Action item: From the material below, set down exactly the lines that run from the one containing "全国人大代表、福建省投资开发" to the one containing "La web pone", minus the pictures.

Input for this task:
+-------+

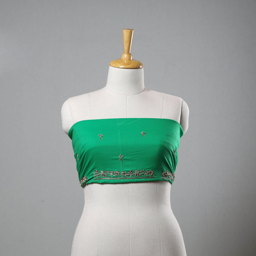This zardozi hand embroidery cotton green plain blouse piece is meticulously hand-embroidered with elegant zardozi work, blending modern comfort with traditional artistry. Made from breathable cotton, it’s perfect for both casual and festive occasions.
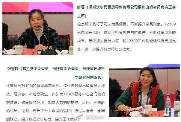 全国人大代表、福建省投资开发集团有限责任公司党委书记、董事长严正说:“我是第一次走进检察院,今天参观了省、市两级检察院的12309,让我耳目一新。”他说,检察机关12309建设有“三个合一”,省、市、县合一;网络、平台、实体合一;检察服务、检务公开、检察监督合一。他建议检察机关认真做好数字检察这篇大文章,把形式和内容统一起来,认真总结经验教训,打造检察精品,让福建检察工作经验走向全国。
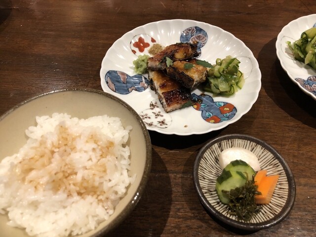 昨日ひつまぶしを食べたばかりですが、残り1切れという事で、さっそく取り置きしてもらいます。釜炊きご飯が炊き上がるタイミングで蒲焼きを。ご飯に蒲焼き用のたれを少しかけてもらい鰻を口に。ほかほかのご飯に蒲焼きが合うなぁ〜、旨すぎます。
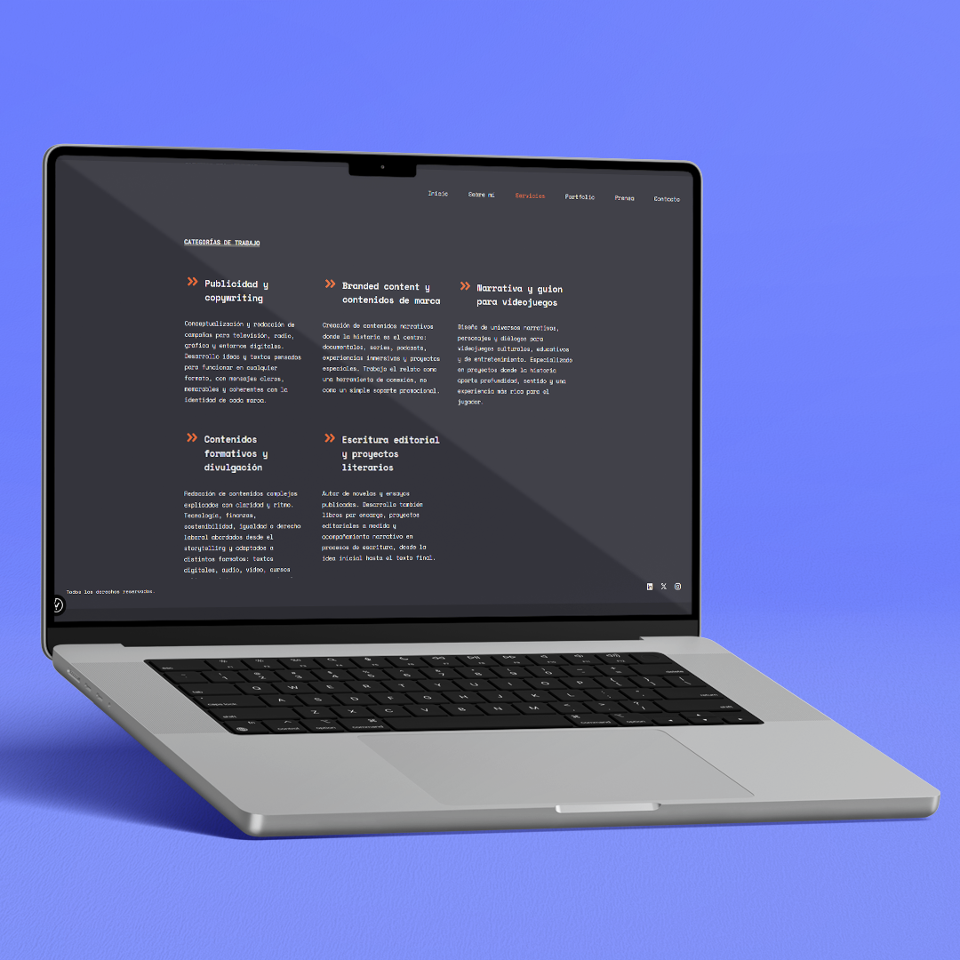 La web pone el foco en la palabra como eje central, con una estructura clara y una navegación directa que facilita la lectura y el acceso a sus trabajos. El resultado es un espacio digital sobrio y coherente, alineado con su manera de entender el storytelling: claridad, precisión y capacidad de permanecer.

+-------+

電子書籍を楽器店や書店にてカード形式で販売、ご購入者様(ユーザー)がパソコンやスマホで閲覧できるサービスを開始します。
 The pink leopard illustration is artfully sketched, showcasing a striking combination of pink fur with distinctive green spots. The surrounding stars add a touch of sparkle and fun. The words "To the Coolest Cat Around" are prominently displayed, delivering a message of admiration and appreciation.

+-------+

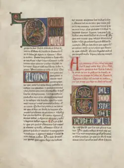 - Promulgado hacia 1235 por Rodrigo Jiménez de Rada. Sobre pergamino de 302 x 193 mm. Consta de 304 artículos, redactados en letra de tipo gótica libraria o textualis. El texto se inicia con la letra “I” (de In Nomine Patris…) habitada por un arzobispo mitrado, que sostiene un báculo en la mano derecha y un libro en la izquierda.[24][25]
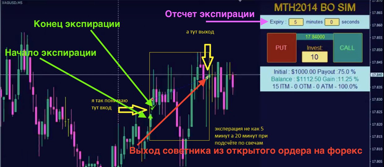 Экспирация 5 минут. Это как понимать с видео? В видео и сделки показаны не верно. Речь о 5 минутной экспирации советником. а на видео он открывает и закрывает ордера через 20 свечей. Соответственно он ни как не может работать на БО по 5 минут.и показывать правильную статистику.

+-------+

Answer to the exercise:
 全国人大代表、福建省投资开发集团有限责任公司党委书记、董事长严正说:“我是第一次走进检察院,今天参观了省、市两级检察院的12309,让我耳目一新。”他说,检察机关12309建设有“三个合一”,省、市、县合一;网络、平台、实体合一;检察服务、检务公开、检察监督合一。他建议检察机关认真做好数字检察这篇大文章,把形式和内容统一起来,认真总结经验教训,打造检察精品,让福建检察工作经验走向全国。
 昨日ひつまぶしを食べたばかりですが、残り1切れという事で、さっそく取り置きしてもらいます。釜炊きご飯が炊き上がるタイミングで蒲焼きを。ご飯に蒲焼き用のたれを少しかけてもらい鰻を口に。ほかほかのご飯に蒲焼きが合うなぁ〜、旨すぎます。
 La web pone el foco en la palabra como eje central, con una estructura clara y una navegación directa que facilita la lectura y el acceso a sus trabajos. El resultado es un espacio digital sobrio y coherente, alineado con su manera de entender el storytelling: claridad, precisión y capacidad de permanecer.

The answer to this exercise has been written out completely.